* _RECORDS TO USE_
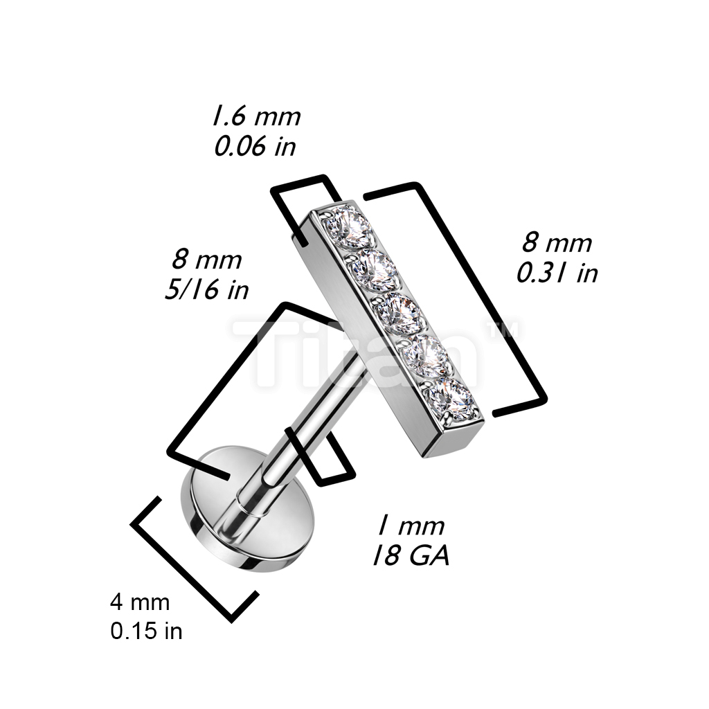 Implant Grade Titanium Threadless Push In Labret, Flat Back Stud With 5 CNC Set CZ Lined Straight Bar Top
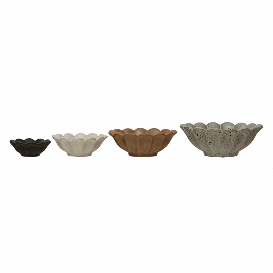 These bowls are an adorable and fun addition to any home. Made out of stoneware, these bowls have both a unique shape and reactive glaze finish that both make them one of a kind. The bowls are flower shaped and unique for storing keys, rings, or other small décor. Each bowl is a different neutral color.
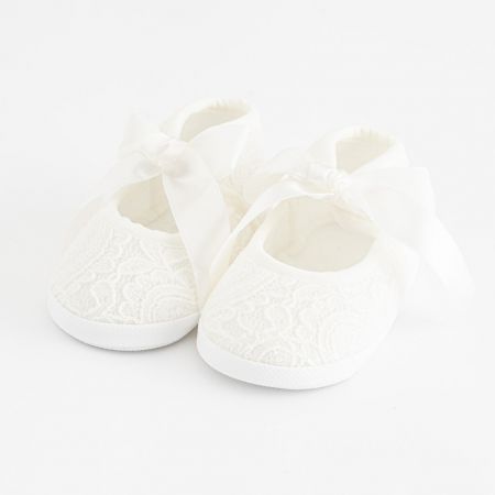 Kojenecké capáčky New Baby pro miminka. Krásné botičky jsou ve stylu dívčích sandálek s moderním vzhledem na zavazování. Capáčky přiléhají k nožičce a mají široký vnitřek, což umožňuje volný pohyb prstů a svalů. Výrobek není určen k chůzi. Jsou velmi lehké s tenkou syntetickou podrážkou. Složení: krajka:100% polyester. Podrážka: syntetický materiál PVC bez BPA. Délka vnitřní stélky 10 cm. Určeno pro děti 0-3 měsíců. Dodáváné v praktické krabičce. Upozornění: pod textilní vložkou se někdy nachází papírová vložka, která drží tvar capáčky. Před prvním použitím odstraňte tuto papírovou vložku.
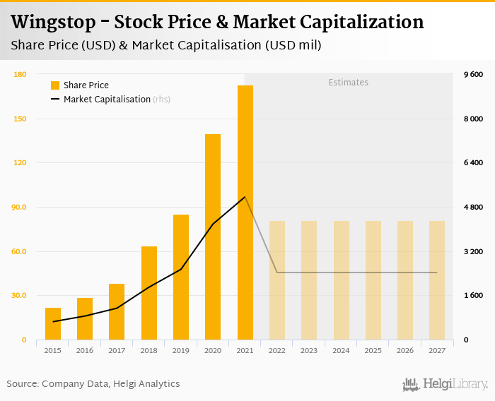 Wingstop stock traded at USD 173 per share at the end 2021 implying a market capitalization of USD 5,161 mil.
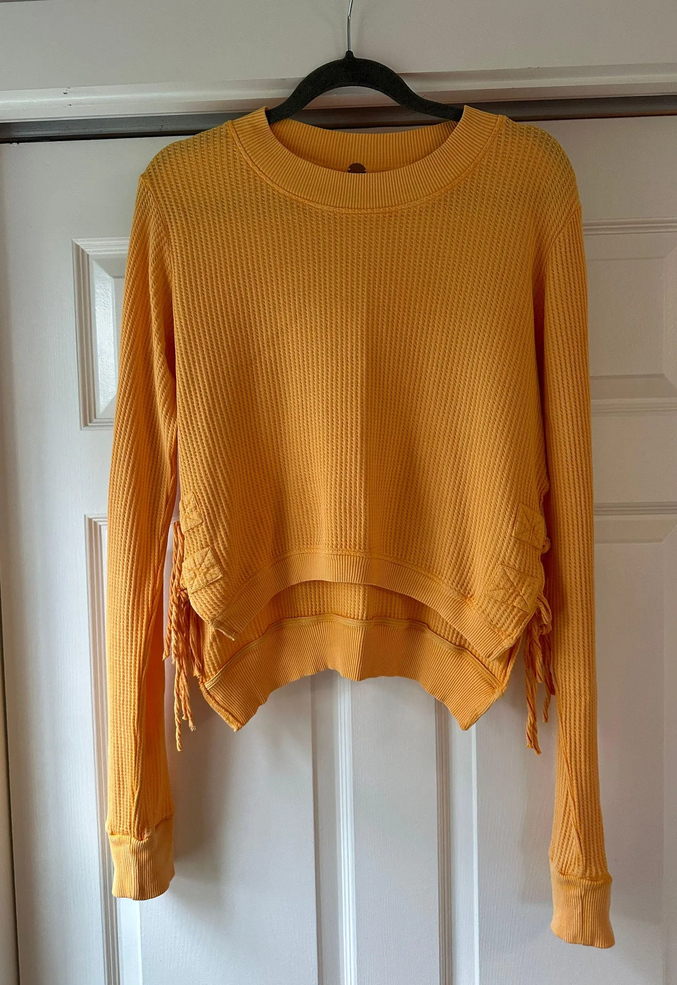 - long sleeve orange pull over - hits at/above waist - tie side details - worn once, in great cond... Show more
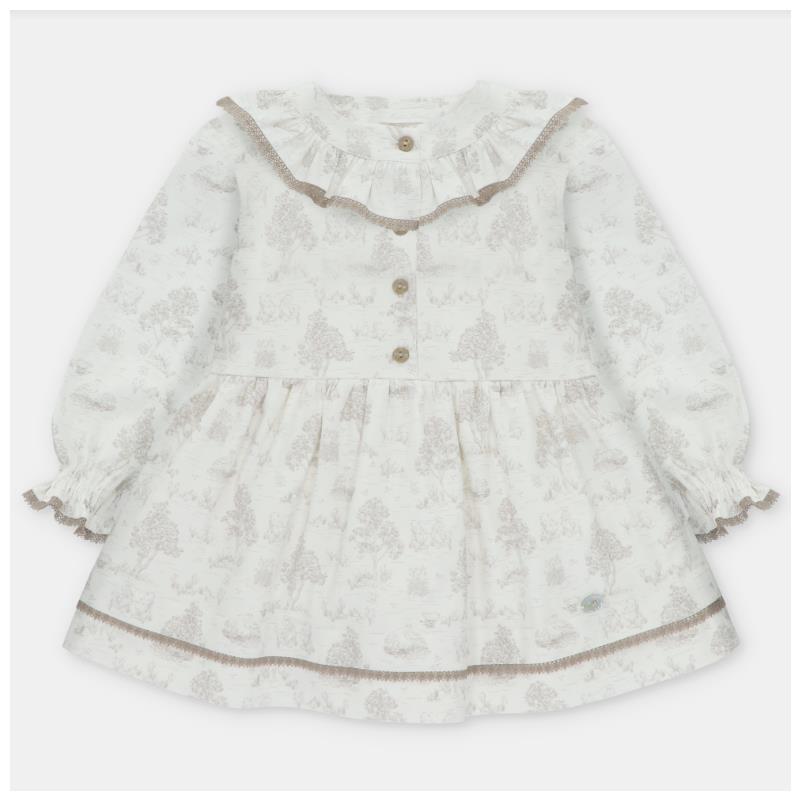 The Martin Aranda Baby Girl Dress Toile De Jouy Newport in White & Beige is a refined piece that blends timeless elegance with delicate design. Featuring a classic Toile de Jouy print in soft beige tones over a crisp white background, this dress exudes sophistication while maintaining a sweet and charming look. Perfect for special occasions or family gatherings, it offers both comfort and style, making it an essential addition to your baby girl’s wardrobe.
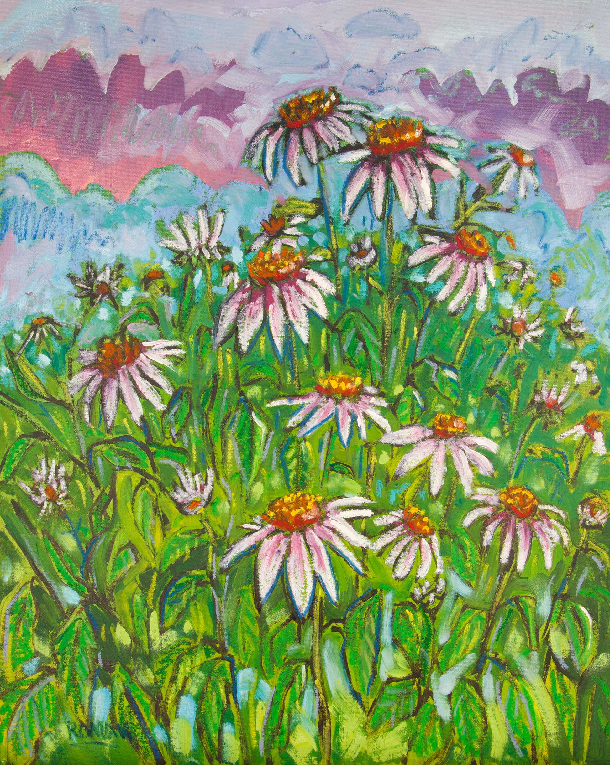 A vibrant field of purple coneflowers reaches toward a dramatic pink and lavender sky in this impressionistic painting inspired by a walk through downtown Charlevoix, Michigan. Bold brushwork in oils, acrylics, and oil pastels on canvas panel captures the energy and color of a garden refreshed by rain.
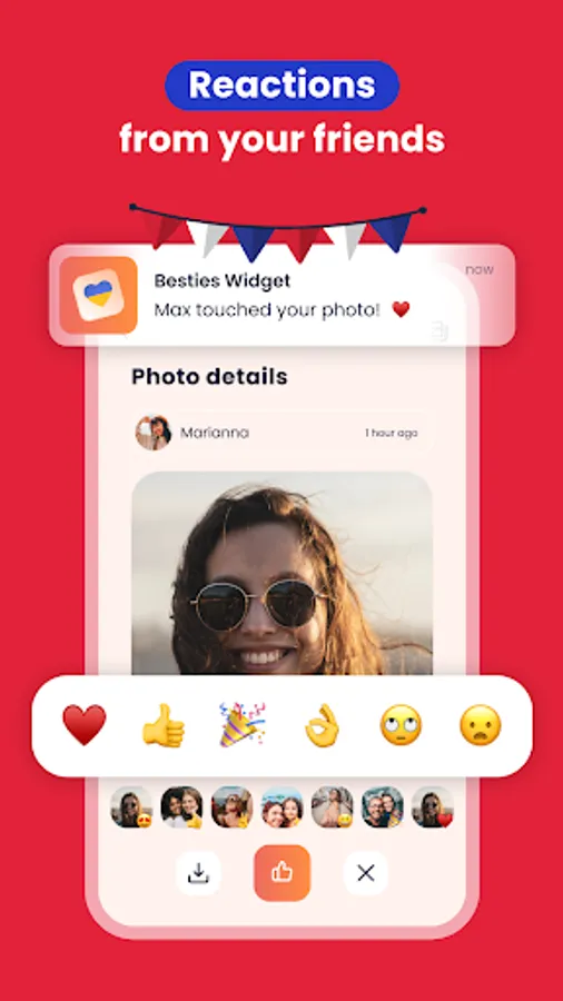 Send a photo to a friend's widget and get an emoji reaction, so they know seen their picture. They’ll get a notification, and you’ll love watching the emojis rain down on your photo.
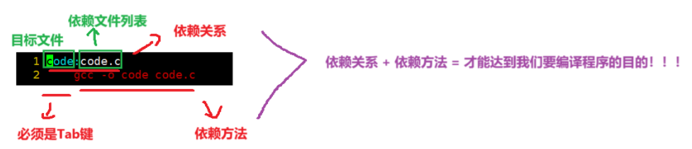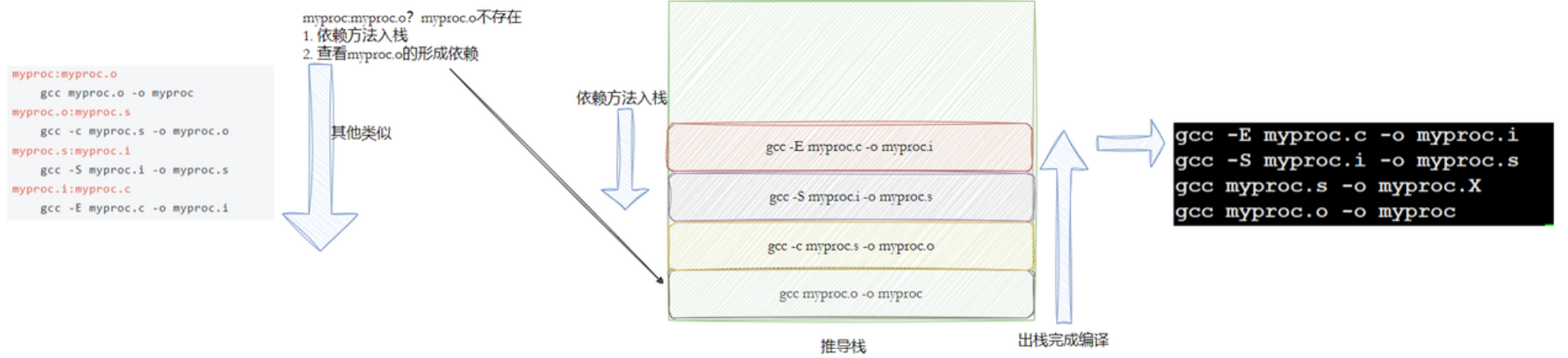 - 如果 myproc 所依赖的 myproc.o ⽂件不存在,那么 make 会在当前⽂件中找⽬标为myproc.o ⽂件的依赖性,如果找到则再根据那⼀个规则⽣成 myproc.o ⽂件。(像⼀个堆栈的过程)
--
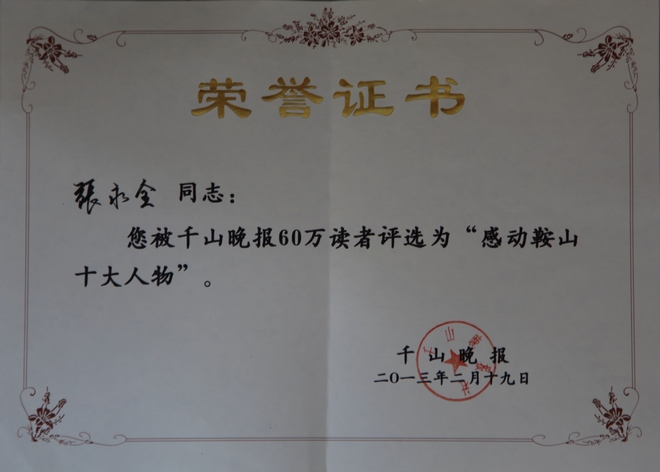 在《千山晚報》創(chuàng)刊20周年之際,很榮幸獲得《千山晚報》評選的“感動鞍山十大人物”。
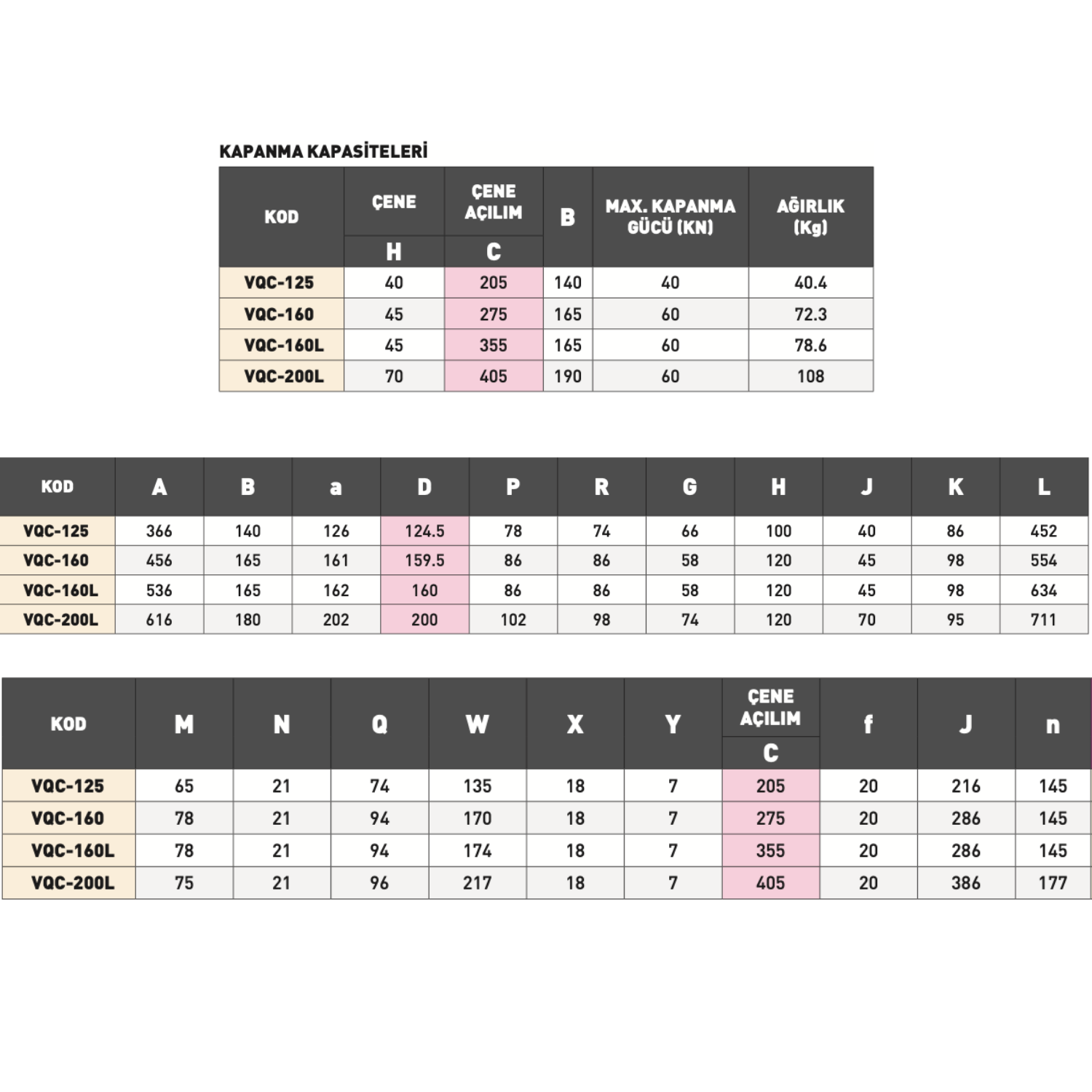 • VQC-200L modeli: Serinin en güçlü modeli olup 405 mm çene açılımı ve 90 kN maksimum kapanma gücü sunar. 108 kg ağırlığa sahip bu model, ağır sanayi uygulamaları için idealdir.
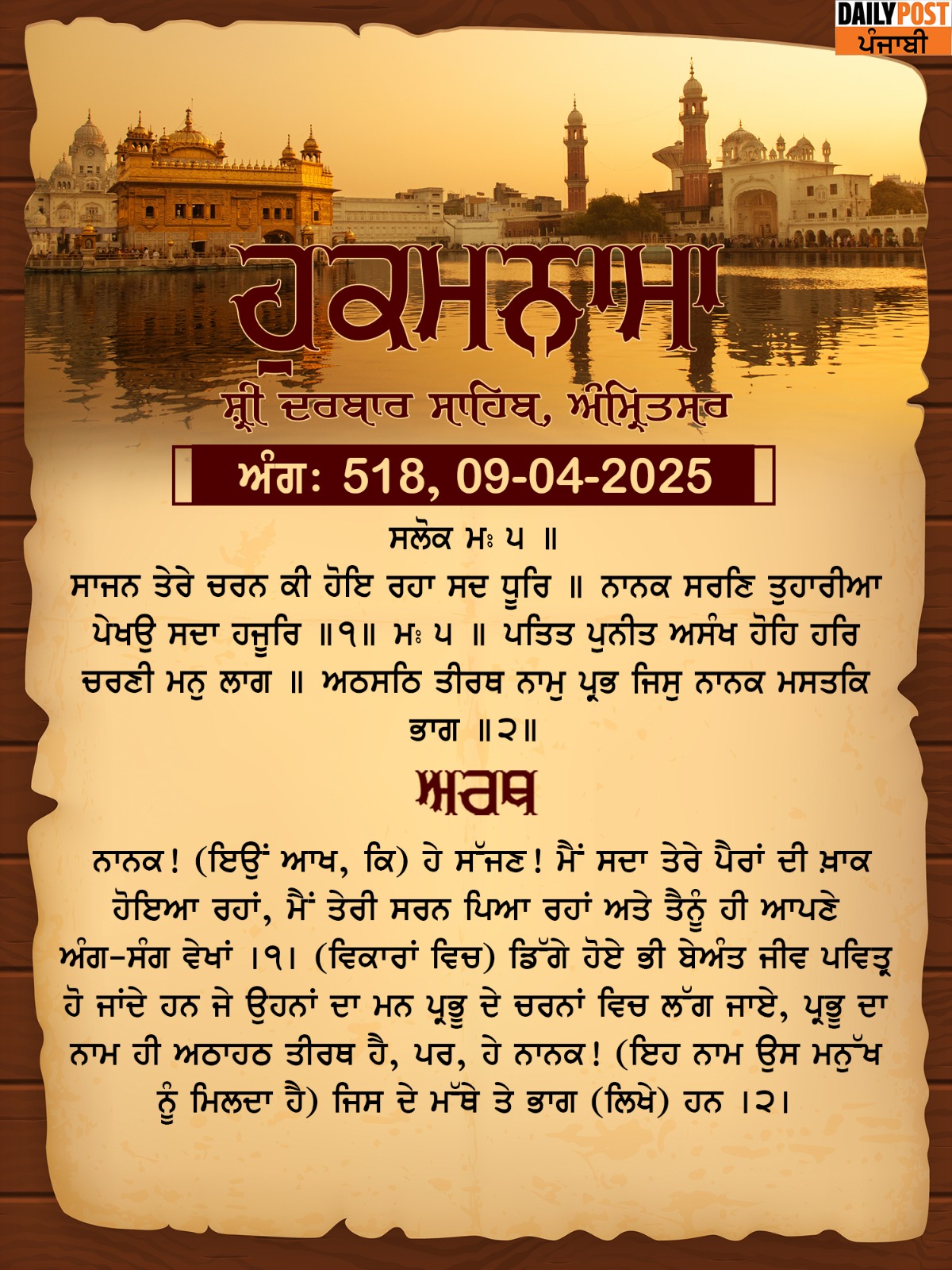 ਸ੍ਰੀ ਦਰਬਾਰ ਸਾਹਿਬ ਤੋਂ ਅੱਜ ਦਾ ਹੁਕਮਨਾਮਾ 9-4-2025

* _TASK GOAL_
Within the listing above, the lines from the one with "These bowls are" through the one with "The Martin Aranda" are to be given again word for word. Do not include pictures.

* _ANSWER TO THIS PROBLEM_
 These bowls are an adorable and fun addition to any home. Made out of stoneware, these bowls have both a unique shape and reactive glaze finish that both make them one of a kind. The bowls are flower shaped and unique for storing keys, rings, or other small décor. Each bowl is a different neutral color.
 Kojenecké capáčky New Baby pro miminka. Krásné botičky jsou ve stylu dívčích sandálek s moderním vzhledem na zavazování. Capáčky přiléhají k nožičce a mají široký vnitřek, což umožňuje volný pohyb prstů a svalů. Výrobek není určen k chůzi. Jsou velmi lehké s tenkou syntetickou podrážkou. Složení: krajka:100% polyester. Podrážka: syntetický materiál PVC bez BPA. Délka vnitřní stélky 10 cm. Určeno pro děti 0-3 měsíců. Dodáváné v praktické krabičce. Upozornění: pod textilní vložkou se někdy nachází papírová vložka, která drží tvar capáčky. Před prvním použitím odstraňte tuto papírovou vložku.
 Wingstop stock traded at USD 173 per share at the end 2021 implying a market capitalization of USD 5,161 mil.
 - long sleeve orange pull over - hits at/above waist - tie side details - worn once, in great cond... Show more
 The Martin Aranda Baby Girl Dress Toile De Jouy Newport in White & Beige is a refined piece that blends timeless elegance with delicate design. Featuring a classic Toile de Jouy print in soft beige tones over a crisp white background, this dress exudes sophistication while maintaining a sweet and charming look. Perfect for special occasions or family gatherings, it offers both comfort and style, making it an essential addition to your baby girl’s wardrobe.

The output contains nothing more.